“It wouldna happen to be a straight line, would it?”
“Looks like it is. Man-made?”
“Aye.” Iseabail smiled. “Dinna worry, cap’n, ye’ll be out a jiffy. What d’ye weigh?”
“About a hundred and seventy pounds.” Beyond his mouth, Cannon moved as little as possible. “Why?”
“Ye’ll see in a moment. Wha’s that in stone?” For a few seconds, Iseabail mouthed numbers. “If somethin’ happens tae make ye have ta move, give a shout an’ dinna fall forward, aye?” Cannon nodded. “The rest of ye, grab rocks from yon other pile an’ pass them here.”
Burr and di Giacomo lined up, and after a moment, Masaracchia caught on and finished the chain. Isea hefted each piece of rubble carefully before setting it in a growing pile next to Cannon. Eventually, she held up a hand at Burr, and said, “Gingerly, now, cap’n.”
Cannon shifted his weight backward, straining his ears for any slightest noise of the plate shifting. None came, and he stepped fully off of it. “Remind me to get you something nice.”
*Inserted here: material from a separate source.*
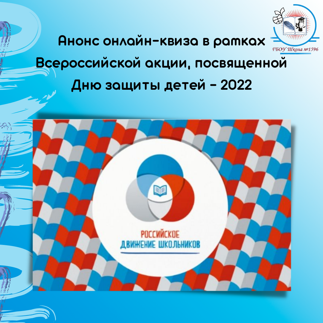 1 июня одновременно во всех субъектах РФ в 12:00 по Москве пройдет онлайн-квиз ко Дню защиты детей. Формат участия в квизе индивидуальный. Подсчет результатов ведется автоматической системой проведения. В ходе квиза участники отвечают на поставленные вопросы. Пять победителей, набравших наибольшее количество баллов в квизе, получат памятные подарки от Российского движения школьников. Более подробную информацию можно найти на странице акции: 🔗 рдш.рф/competition/2527 Поучаствовав в конкурсе, вы сможете выиграть призы от РДШ, проверить свои знания, а еще напомнить многим о том, что День защиты детей – важный праздник, который напоминает детям об их правах, а родителям об их обязанностях. Желаем успехов и креатива! #ДОНМ #ШколыКолледжиМосквы #Школа1596 #РДШ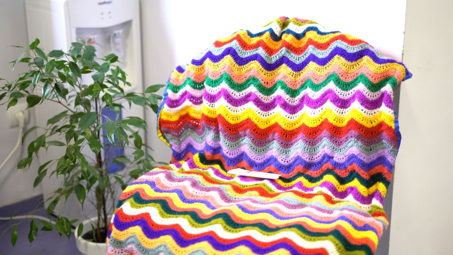 За словами Любові Теодорівни, дорогою з Маріуполя вдалося зв'язати три таких пледи. Також пенсіонерка вишиває з бісеру та складає алмазну мозаїку. Війну жінка пригадує з жахом та болем.

“We’ll call it even if ye can get me inta Jimmy Ellis’s club.”
“In San Francisco?” Cannon raised his eyebrows. “Maybe. We’ll work it out later. For now, we have a job to do.”
Iseabail shared a put-upon look with Burr. “Well, at least ye dinna pay me badly.”
They pressed onward, Cannon leading at a more measured pace. In fifty yards, they came to a door, decorated with pictograms, in the center of a brick wall across the tunnel.
“What do they say?” said Burr.
“These are more decorative than the others.” Cannon frowned, looking from row to row. “I don’t know this style. There’s Amen-ta again.” Here, the glyph was brilliantly colored: an orange half-circle, at the same time somehow both dusky and luminescent, over the midnight blue lines of the river. “There’s Osiris.” The glyph bore a strong resemblance to the statue in the gallery, though here Osiris still had his pale green coloring, and it was obvious that his legs were wrapped in linen. Cannon knelt to finish the last few lines. “That’s all I can make out. How do we get it open?”